For context reads, yes. For actions (writing to a database, sending an email), tool calls are still the right pattern. SignalMesh targets the read side — the part that's redundant and expensive.

What if the mesh is down?
Your agents fall back to their existing tool calls. SignalMesh is additive — you add tune_in() calls alongside existing logic, not instead of them, until you're confident.
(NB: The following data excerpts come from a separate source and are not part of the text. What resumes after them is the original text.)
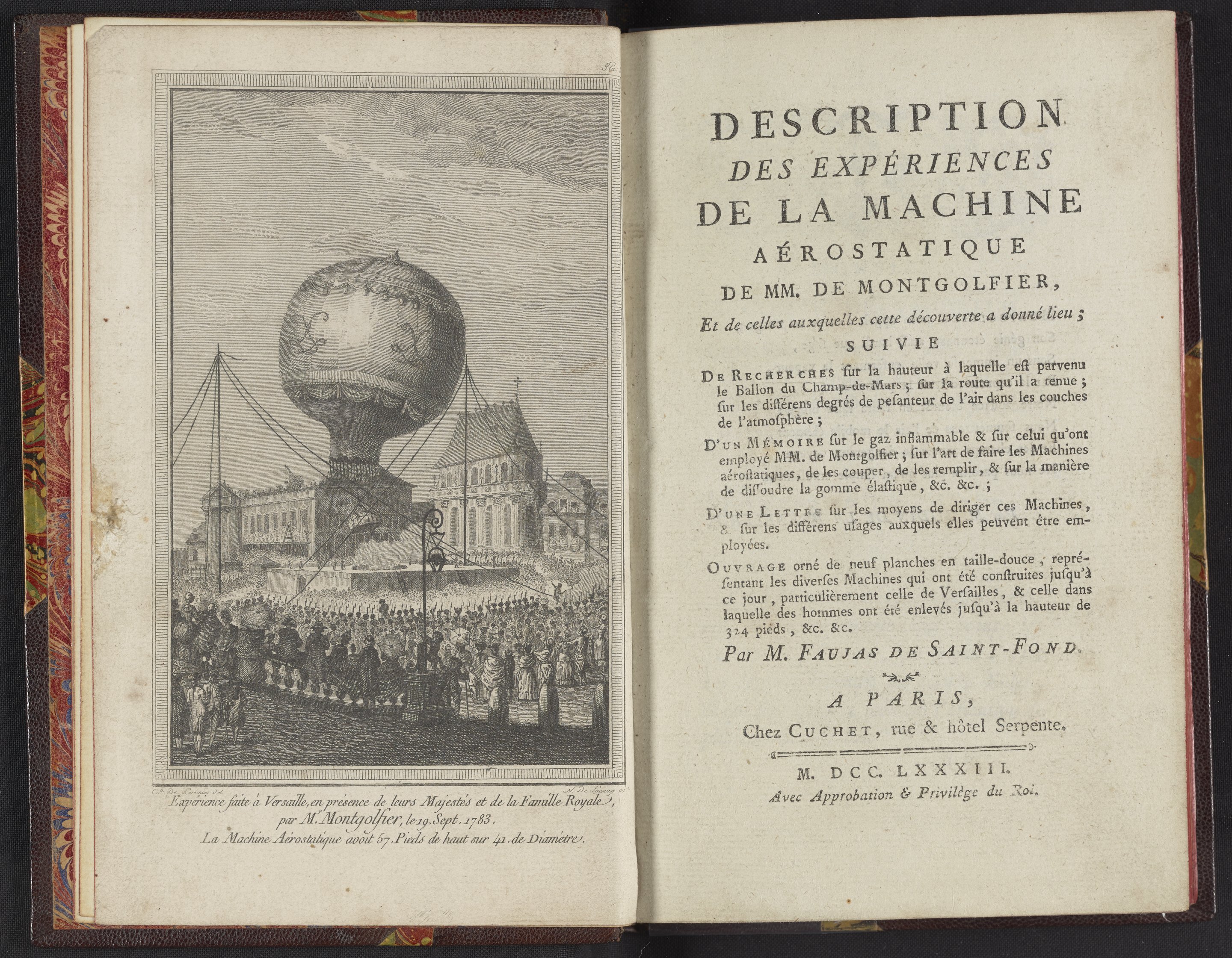 Faujas-de-St.-Fond, cit. (Barthélemy). “Frontispiece and Title Page (Plate 5) from Description Des Expériences De La Machine Aérostatique De MM. De Montgolfier [Description of the Aerostatic Machine Experiments of Mr. & Mr. Montgolfier].” In Description Des Expériences De La Machine Aérostatique De MM. De Montgolfier. Paris, France: Cuchet, 1783. https://digital.sciencehistory.org/works/zk51vg816.
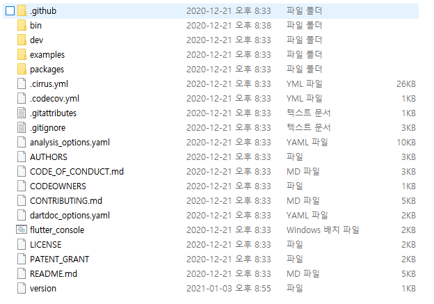 압축을 풀면 flutter 폴더 아래에 위와 같은 구성을 확인할 수 있다.
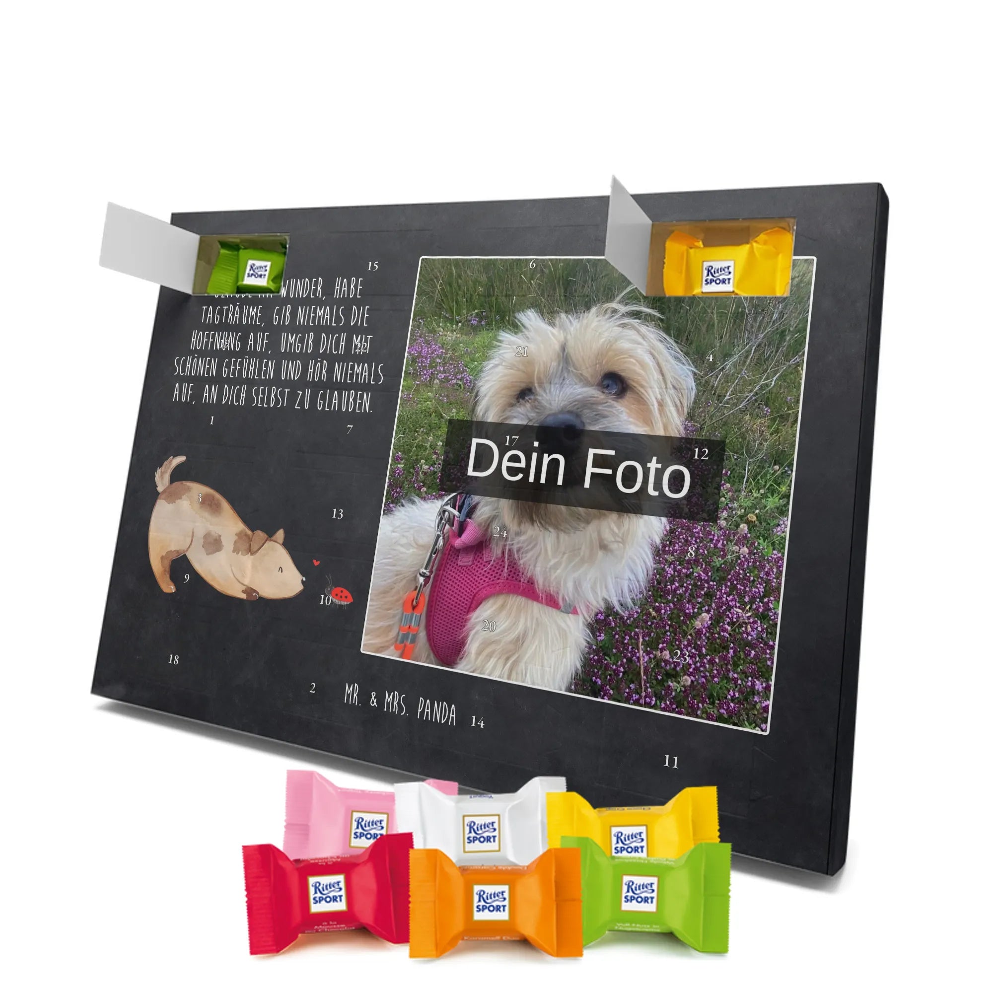 Verschenke Vorfreude: Gestalte jetzt deinen personalisierten Schoko Foto Adventskalender und überrasche mit süßen, persönlichen Momenten von Mr. & Mrs. Panda.
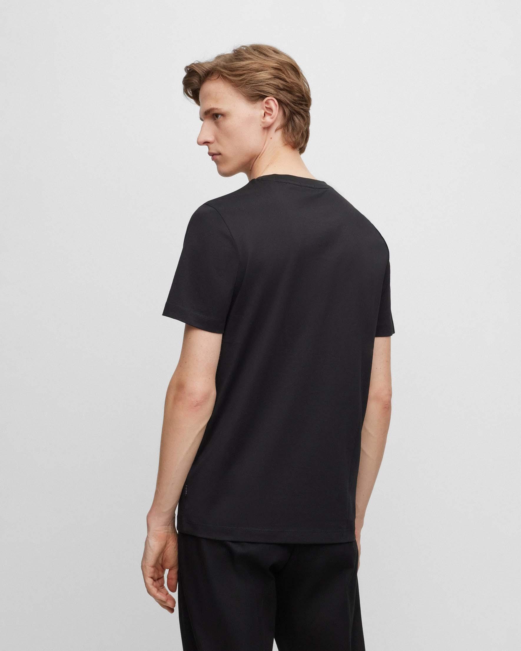 T shirt blu mezza manica con doppia fascia cammello e logo bianco Very well made.
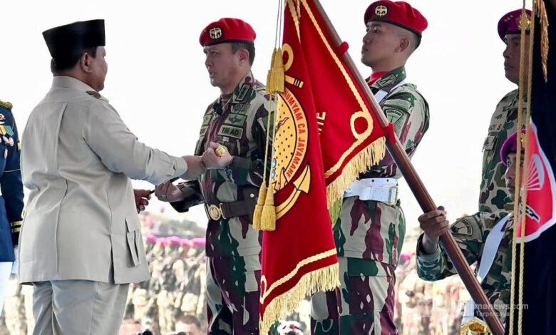 Mediatamanews | Batujajar – Presiden Prabowo Subianto bertindak selaku inspektur upacara pada Upacara Gelar Pasukan Operasional dan Kehormatan Militer di Landasan Suparlan, Komplek Pendidikan dan Pelatihan Komando Pasukan Khusus (Kopassus), Batujajar, Kabupaten Bandung Barat, Provinsi Jawa Barat, pada Minggu, 10 Agustus 2025.
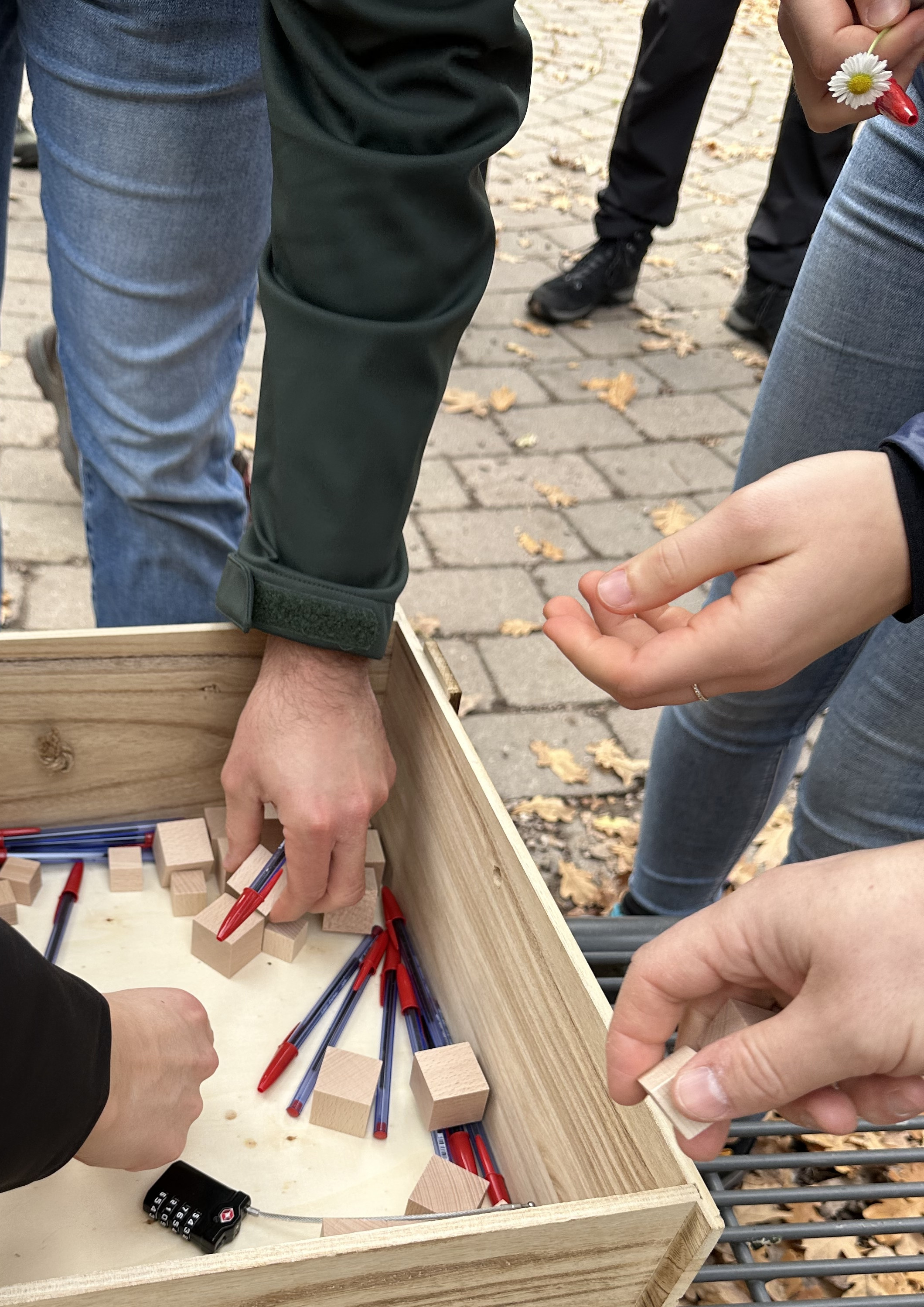 Danach startete der zweite Teil des Aktionstags. Es wurden mehrere Spiele zum Teambuilding angeboten, die die Seminarteilnehmerinnen und Seminarteilnehmer mitgebracht hatten. Die Gruppen wurden zufällig zusammengestellt, sodass sich die Gruppen F25 und H24 besser kennenlernen konnten. Mit Hilfe eines Laufzettels wurden die Spiele durchlaufen. Es wurden folgende Spiele angeboten: Wikingerschach, Cornhole, Bogenschießen, "Blind malen" oder "Male, was ich sage", Schwänzchenspiel, Sackloch und der Gordische Knoten. Alle Spiele wurden sehr positiv angenommen, wobei das Bogenschießen besonders beliebt war. Außerdem wurde das bekannte Schwänzchenspiel auch in digitaler Version mit einer Lasertagausstattung angeboten, dies war auch ein Highlight. Nach jeder Station wurden den Teilnehmern vier Reflexionsfragen im schulischen Kontext per QR-Code bereitgestellt. Gegen 14:45 Uhr wurde der Aktionstag ebenfalls per QR-Code kurz evaluiert und anschließend beendet.
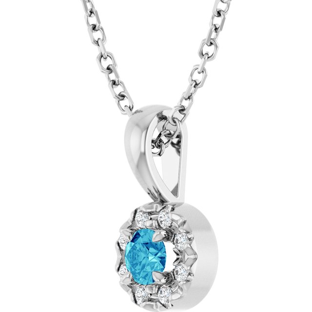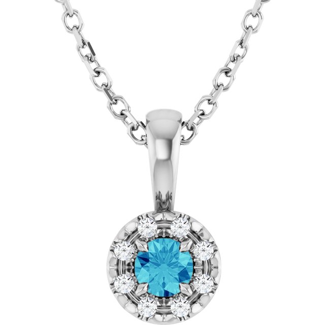 / Necklace / Set / 14K White / Round / Natural Blue Zircon / 3Mm :: 0.03 Ctw / Natural Diamond / I1, G-H / 16-18 In / Polished / Natural Blue Zircon And .03 Ctw Natural Diamond French-Set Halo-Style Necklace
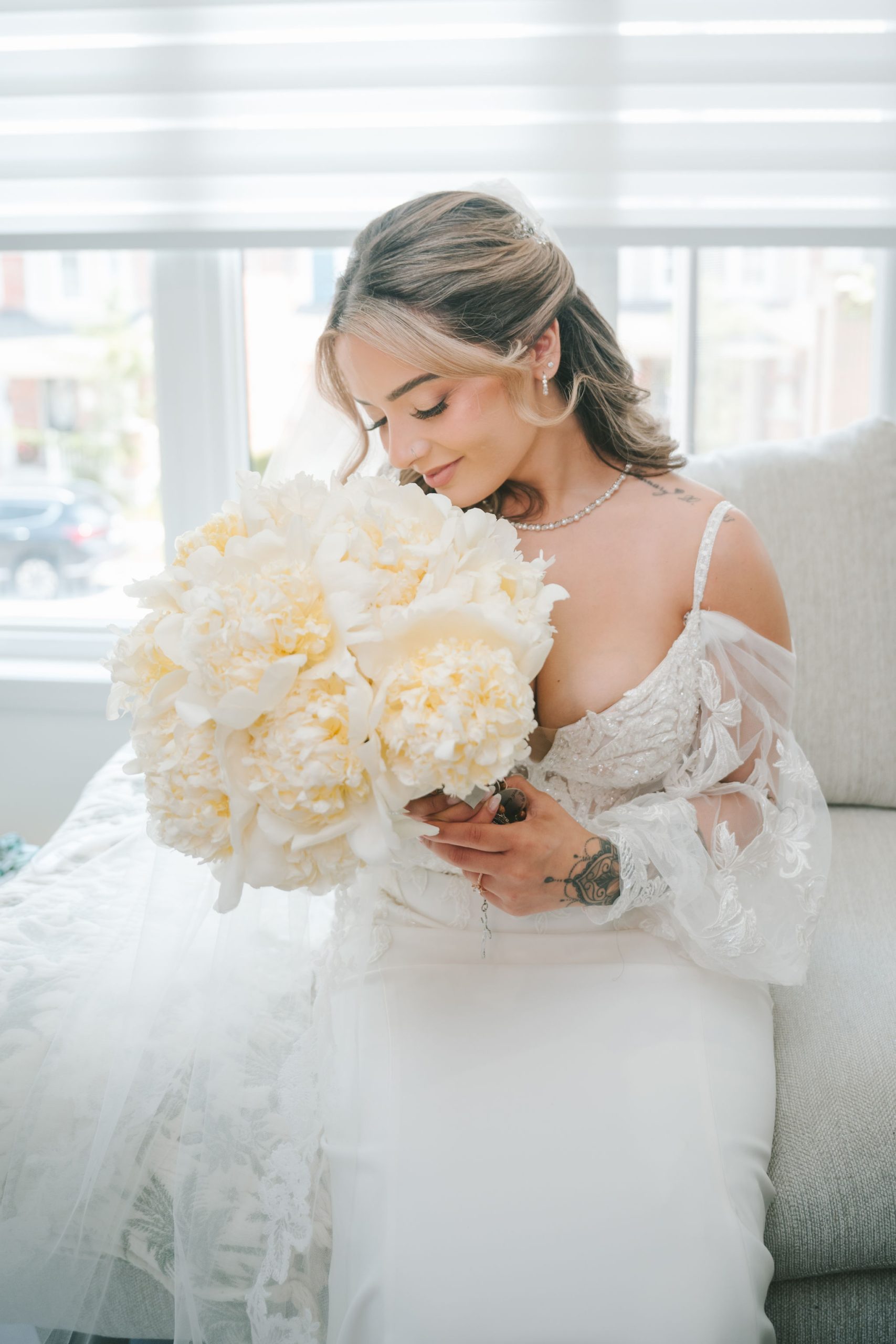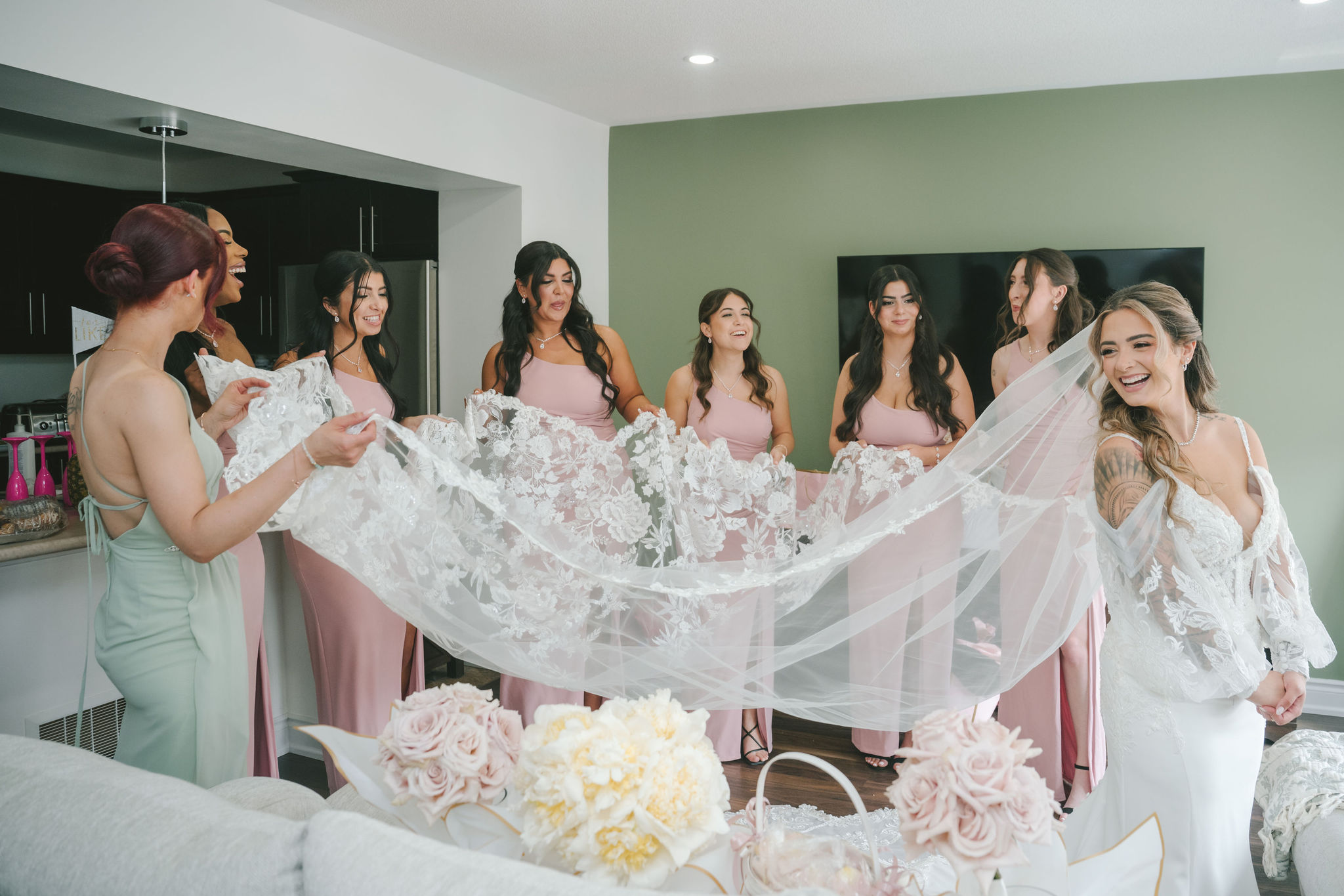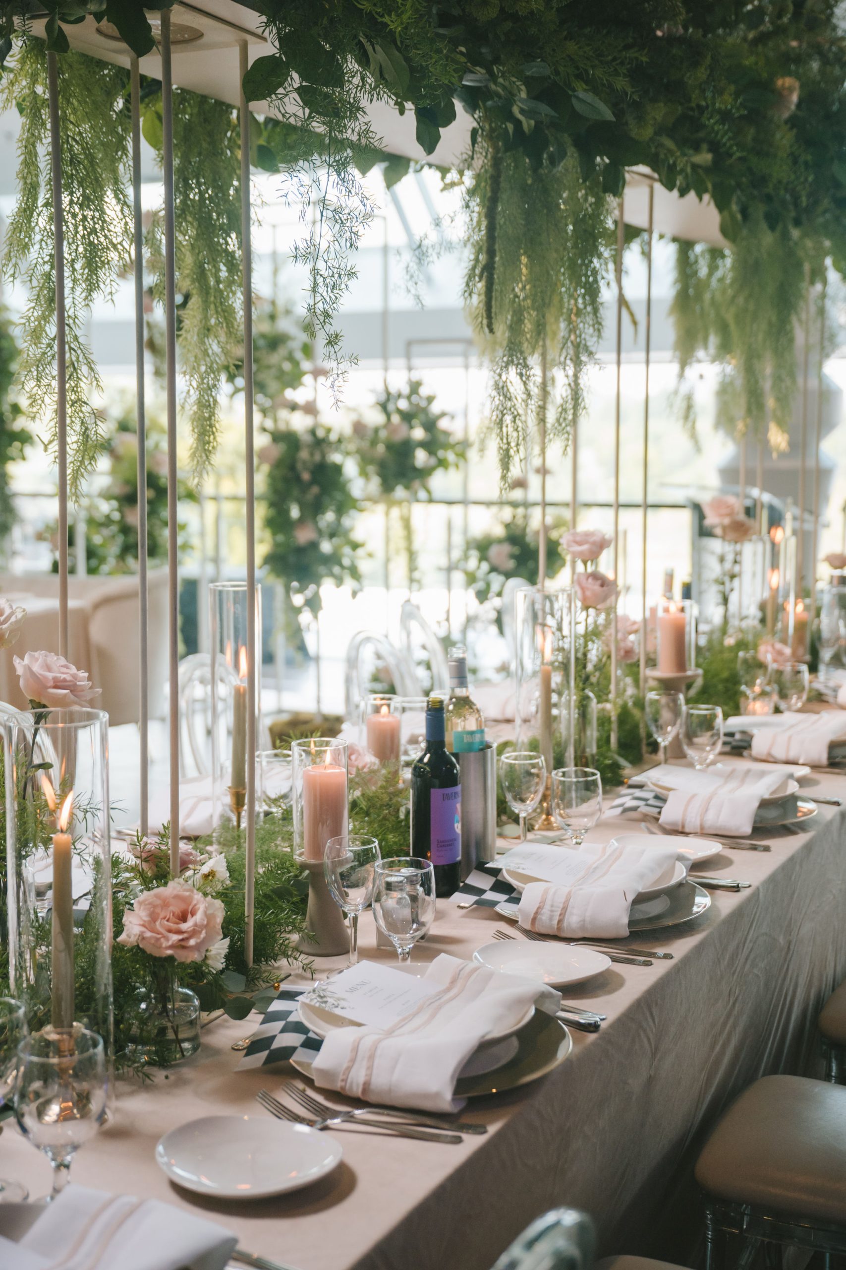 The space they had was bathed in soft light and framed with the softest hues of ballet pink and sage green, with black and white. Every detail of that day was touched with intention: greenery intertwined with blooms of peonies and dusty roses, delicate candlelight reflecting softly off every petal and smile.

How does it handle stale data?
Three GC strategies: STATE_OVERWRITE (latest value wins, keyed by signal_id), TTL_DECAY (auto-expires after ttl_ms), and ROLLING_BUFFER (FIFO-capped by token budget). Strategy is auto-selected per signal based on the payload shape — no config needed.

Is there a self-hosted option?
Yes. Docker image in the repo. docker run -p 7860:7860 signalmesh and point your agents at localhost:7860. Full MIT license.